### YOUR INSTRUCTIONS
In the entries below, find the line with "令和4年4月1日(金)0:0" and the line with "Celebrate the remarkable". Reproduce those two lines and every line between them exactly, and nothing more.

### EXERCISE MATERIAL

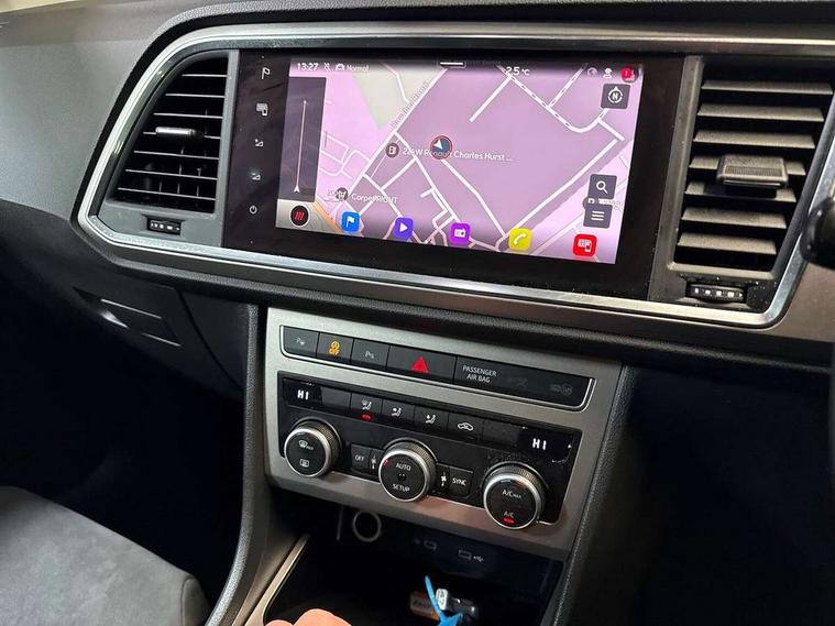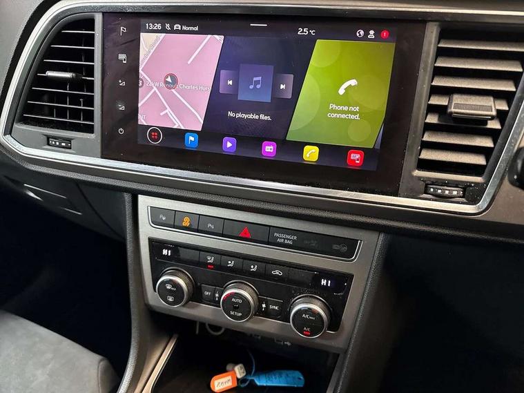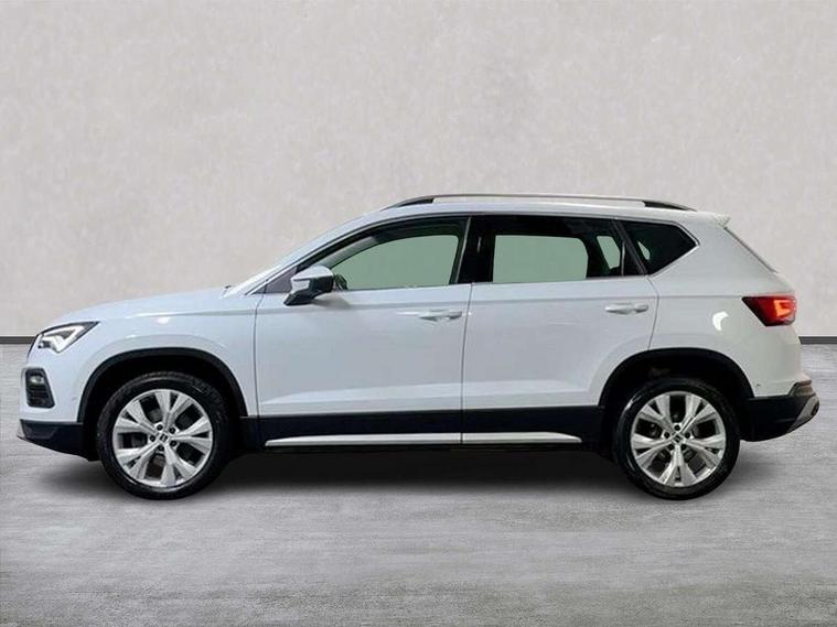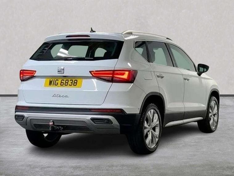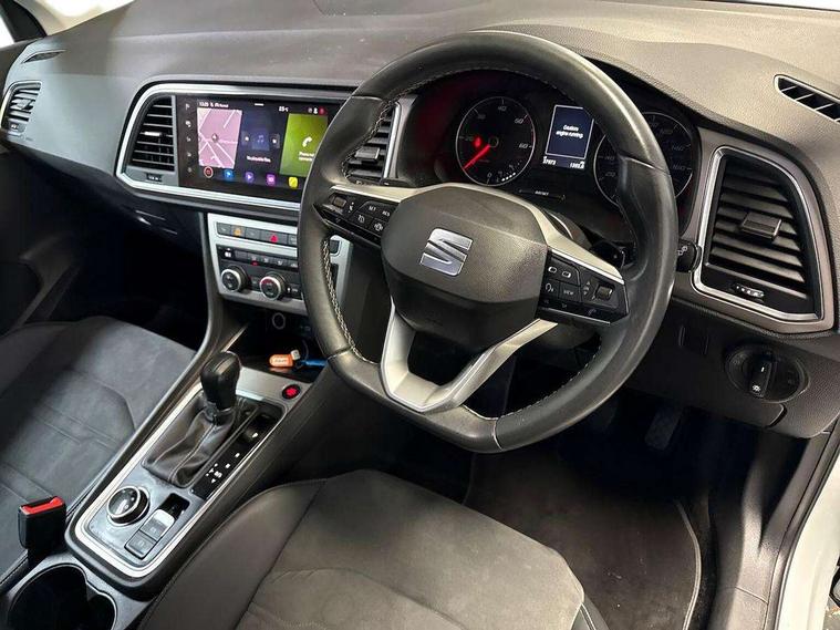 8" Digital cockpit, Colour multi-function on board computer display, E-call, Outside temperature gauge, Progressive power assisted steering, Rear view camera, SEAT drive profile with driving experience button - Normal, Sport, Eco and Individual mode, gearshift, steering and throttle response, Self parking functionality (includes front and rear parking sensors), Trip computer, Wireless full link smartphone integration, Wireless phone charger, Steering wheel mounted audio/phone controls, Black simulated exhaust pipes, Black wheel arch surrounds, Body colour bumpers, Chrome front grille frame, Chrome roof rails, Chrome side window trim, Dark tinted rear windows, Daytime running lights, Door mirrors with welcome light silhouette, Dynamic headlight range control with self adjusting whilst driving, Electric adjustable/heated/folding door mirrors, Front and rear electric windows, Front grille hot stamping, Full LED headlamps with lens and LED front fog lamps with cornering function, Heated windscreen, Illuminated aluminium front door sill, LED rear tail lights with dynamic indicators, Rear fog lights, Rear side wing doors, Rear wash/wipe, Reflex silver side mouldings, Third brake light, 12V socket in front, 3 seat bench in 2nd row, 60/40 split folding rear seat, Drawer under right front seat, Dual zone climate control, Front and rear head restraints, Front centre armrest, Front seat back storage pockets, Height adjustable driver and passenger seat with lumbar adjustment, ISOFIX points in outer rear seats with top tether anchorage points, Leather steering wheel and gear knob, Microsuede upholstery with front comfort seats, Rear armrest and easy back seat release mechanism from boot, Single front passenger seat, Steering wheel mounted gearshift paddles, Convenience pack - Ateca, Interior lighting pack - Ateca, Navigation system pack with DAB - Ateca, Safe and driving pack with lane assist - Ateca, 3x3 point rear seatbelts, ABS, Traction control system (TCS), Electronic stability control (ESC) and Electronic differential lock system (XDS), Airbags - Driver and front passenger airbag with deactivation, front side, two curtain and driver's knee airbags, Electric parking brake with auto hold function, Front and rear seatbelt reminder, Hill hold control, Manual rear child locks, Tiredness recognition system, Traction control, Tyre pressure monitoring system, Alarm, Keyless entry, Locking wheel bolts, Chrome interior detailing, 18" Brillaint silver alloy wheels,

---

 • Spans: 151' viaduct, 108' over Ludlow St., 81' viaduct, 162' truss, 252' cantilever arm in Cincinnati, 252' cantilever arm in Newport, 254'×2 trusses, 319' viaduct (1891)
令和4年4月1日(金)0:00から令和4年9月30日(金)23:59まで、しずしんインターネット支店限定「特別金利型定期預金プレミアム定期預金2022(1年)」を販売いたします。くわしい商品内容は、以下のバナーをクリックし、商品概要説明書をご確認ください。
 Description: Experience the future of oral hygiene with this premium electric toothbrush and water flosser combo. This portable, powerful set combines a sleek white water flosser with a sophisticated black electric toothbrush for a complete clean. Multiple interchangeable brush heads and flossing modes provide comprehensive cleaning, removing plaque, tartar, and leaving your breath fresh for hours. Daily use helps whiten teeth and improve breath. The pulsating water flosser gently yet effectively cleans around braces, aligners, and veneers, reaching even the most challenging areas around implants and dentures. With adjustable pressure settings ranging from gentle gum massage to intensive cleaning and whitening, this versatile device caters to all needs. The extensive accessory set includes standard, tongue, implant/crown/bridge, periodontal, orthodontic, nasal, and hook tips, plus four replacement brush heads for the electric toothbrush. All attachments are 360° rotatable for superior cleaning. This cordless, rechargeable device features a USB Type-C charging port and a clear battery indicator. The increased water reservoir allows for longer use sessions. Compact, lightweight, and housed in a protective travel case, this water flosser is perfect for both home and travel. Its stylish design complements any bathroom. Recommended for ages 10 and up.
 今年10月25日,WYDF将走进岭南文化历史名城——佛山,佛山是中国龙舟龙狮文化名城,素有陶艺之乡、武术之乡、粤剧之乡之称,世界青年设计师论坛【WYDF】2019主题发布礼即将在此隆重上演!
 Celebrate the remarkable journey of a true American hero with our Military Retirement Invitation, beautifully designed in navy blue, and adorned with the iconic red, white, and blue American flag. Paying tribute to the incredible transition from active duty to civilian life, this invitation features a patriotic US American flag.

### COMPLETED TASK
令和4年4月1日(金)0:00から令和4年9月30日(金)23:59まで、しずしんインターネット支店限定「特別金利型定期預金プレミアム定期預金2022(1年)」を販売いたします。くわしい商品内容は、以下のバナーをクリックし、商品概要説明書をご確認ください。
 Description: Experience the future of oral hygiene with this premium electric toothbrush and water flosser combo. This portable, powerful set combines a sleek white water flosser with a sophisticated black electric toothbrush for a complete clean. Multiple interchangeable brush heads and flossing modes provide comprehensive cleaning, removing plaque, tartar, and leaving your breath fresh for hours. Daily use helps whiten teeth and improve breath. The pulsating water flosser gently yet effectively cleans around braces, aligners, and veneers, reaching even the most challenging areas around implants and dentures. With adjustable pressure settings ranging from gentle gum massage to intensive cleaning and whitening, this versatile device caters to all needs. The extensive accessory set includes standard, tongue, implant/crown/bridge, periodontal, orthodontic, nasal, and hook tips, plus four replacement brush heads for the electric toothbrush. All attachments are 360° rotatable for superior cleaning. This cordless, rechargeable device features a USB Type-C charging port and a clear battery indicator. The increased water reservoir allows for longer use sessions. Compact, lightweight, and housed in a protective travel case, this water flosser is perfect for both home and travel. Its stylish design complements any bathroom. Recommended for ages 10 and up.
 今年10月25日,WYDF将走进岭南文化历史名城——佛山,佛山是中国龙舟龙狮文化名城,素有陶艺之乡、武术之乡、粤剧之乡之称,世界青年设计师论坛【WYDF】2019主题发布礼即将在此隆重上演!
 Celebrate the remarkable journey of a true American hero with our Military Retirement Invitation, beautifully designed in navy blue, and adorned with the iconic red, white, and blue American flag. Paying tribute to the incredible transition from active duty to civilian life, this invitation features a patriotic US American flag.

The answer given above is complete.